What the task requires.
Take the entries that follow and return only the lines from the one with "Bikini top features" through the final line, leaving every picture behind.

Entries taken from a collection.
⁂

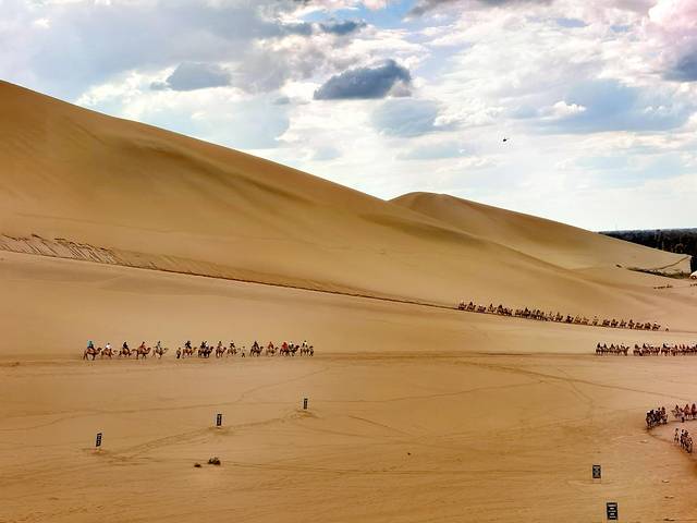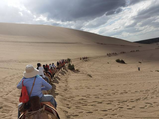 我们这一队人一坐上骆驼就开始不停地拍照和录视频,牵驼的大哥看到了,不停地大声制止,说骆驼胆子很小,特别是自拍杆,骆驼看见会害怕,以为要打它,可能会把我们甩下来,所以沿途禁止(自行)拍照。但是面对如此美景,很多人都没有理会,偷偷拿出手机来拍,那大哥一看见就骂。
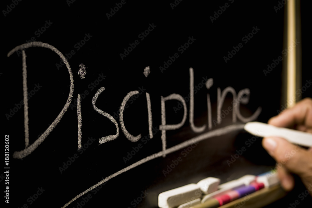 Tapeta The concept of discipline, the inscription on the background of the blackboard
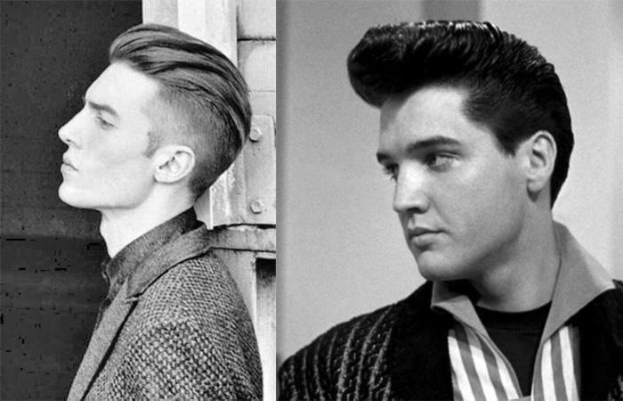 Мужские стрижки в 50-х также изменились. Кавалеры предпочитали брить затылок, оставляя удлинение на макушке. Волосы обязательно укладывали:
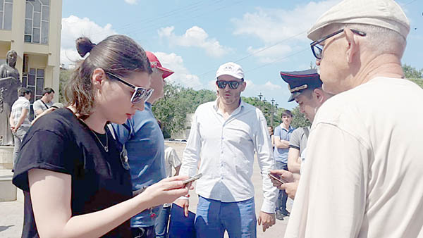 На самой площади стоят несколько человек, которые не участвуют в праздничных гуляниях — они пришли на акцию оппозиционера Алексея Навального, чьи сторонники в этот день по всей стране протестуют против коррупции. В столице Дагестана заявителем митинга стал юрист Марат Исмаилов. Статус мероприятия до последнего оставался неопределенным: мэрия его не согласовала, но Исмаилов обратился в суд, который обязал городскую администрацию разрешить акцию. В мэрии заявителю сказали, что не получили решение суда, тогда юрист объявил, что проведет митинг на свой страх и риск. Полгода спустя он даже отсудит у горадминистрации 10 тысяч рублей компенсации морального ущерба за незаконный отказ в согласовании, но утро Дня России — 2017 началось для Марата с визита полицейских.
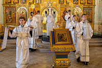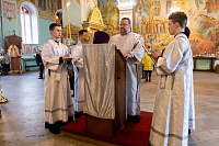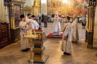 Богослужебные песнопения исполнил соборный хор под управлением Натальи Камышниковой.
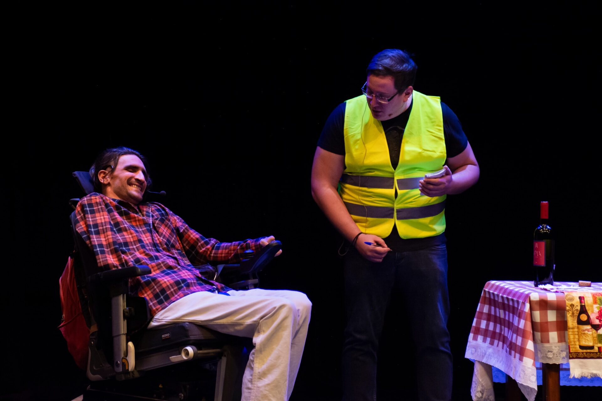 Γράφει η περιγραφή της παράστασης: «Ένα έργο που “παντρεύει”’ το χιούμορ με την αναπηρία, καθώς αποδεικνύει με το πιο διασκεδαστικό τρόπο ότι αυτά τα δύο μπορούνε να πάνε μαζί και μάλιστα μπορούνε να μας οδηγήσουν σε κοινωνίες με λιγότερη ανισότητα και λιγότερα ταμπού». Αυτές οι τρεις γραμμές θα μπορούσαν να συνοψίσουν την κοσμοθεωρία του Δημήτρη Αντωνίου, του ανθρώπου που έγραψε και σκηνοθέτησε την παράσταση, πρωταγωνιστώντας κιόλας με το Μιχάλη Σαρόπουλο, stand up comedian και αθλητικογράφο.
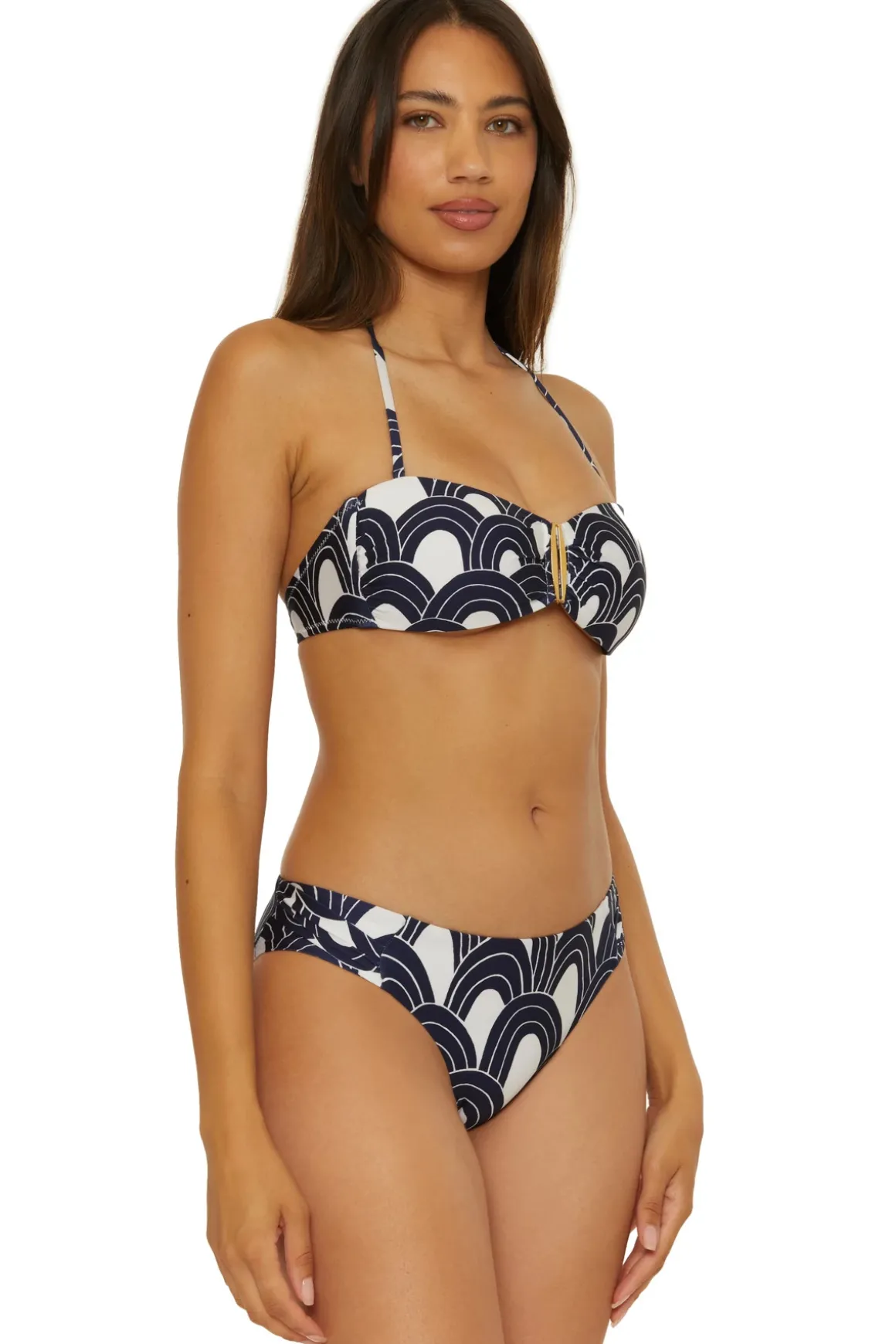 Bikini top features a gold plated hardware accent and offers molded cups and removable halter ties with gold plated beads and tassels.
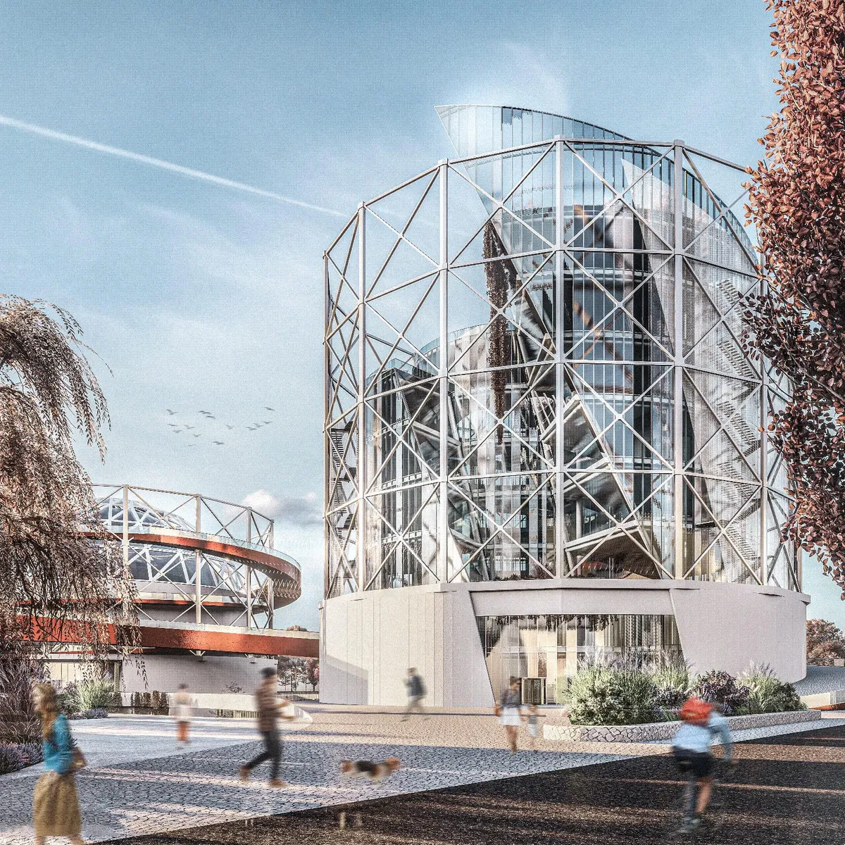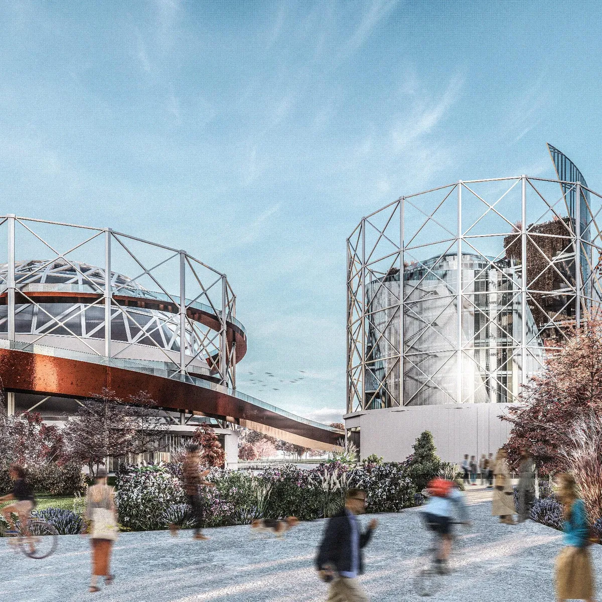 Aceste structuri metalice, care odinioară serveau ca rezervoare pentru gazul natural, integrează un spațiu multifunctional și creativ. Acestea nu numai că își păstrează amprenta istorică, dar adaugă și o nouă dimensiune culturală și socială, contribuind la redefinirea identității spațiului.

⁂

Your response.
 Bikini top features a gold plated hardware accent and offers molded cups and removable halter ties with gold plated beads and tassels.
 Aceste structuri metalice, care odinioară serveau ca rezervoare pentru gazul natural, integrează un spațiu multifunctional și creativ. Acestea nu numai că își păstrează amprenta istorică, dar adaugă și o nouă dimensiune culturală și socială, contribuind la redefinirea identității spațiului.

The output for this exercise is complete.